### Excerpted data

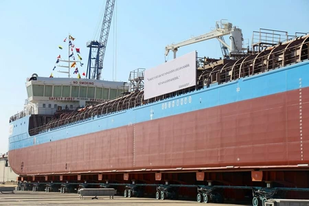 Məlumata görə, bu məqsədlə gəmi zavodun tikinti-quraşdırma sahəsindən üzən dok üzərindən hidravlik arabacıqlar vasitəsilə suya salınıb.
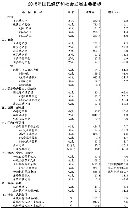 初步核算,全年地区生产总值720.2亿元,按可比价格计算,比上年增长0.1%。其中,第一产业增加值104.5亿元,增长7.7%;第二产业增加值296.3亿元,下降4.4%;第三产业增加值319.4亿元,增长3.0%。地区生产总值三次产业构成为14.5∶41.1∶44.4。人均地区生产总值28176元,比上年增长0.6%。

######
### Excerpted data

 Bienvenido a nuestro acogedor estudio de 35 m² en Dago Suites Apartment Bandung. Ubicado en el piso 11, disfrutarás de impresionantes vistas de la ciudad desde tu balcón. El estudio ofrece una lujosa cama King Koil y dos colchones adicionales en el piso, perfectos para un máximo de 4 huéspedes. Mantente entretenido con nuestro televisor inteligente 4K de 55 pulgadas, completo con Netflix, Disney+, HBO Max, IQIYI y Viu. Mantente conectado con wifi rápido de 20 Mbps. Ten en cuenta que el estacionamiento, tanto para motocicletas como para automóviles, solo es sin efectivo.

######
### Excerpted data

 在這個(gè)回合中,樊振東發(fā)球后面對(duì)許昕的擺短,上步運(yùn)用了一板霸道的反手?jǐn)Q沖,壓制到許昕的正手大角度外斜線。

######

_Work order_
Reproduce the entries exactly, from the line with "Məlumata görə, bu" to the line with "初步核算,全年地区生产总值7", both lines included, keeping no pictures.

_Problem solution_
 Məlumata görə, bu məqsədlə gəmi zavodun tikinti-quraşdırma sahəsindən üzən dok üzərindən hidravlik arabacıqlar vasitəsilə suya salınıb.
 初步核算,全年地区生产总值720.2亿元,按可比价格计算,比上年增长0.1%。其中,第一产业增加值104.5亿元,增长7.7%;第二产业增加值296.3亿元,下降4.4%;第三产业增加值319.4亿元,增长3.0%。地区生产总值三次产业构成为14.5∶41.1∶44.4。人均地区生产总值28176元,比上年增长0.6%。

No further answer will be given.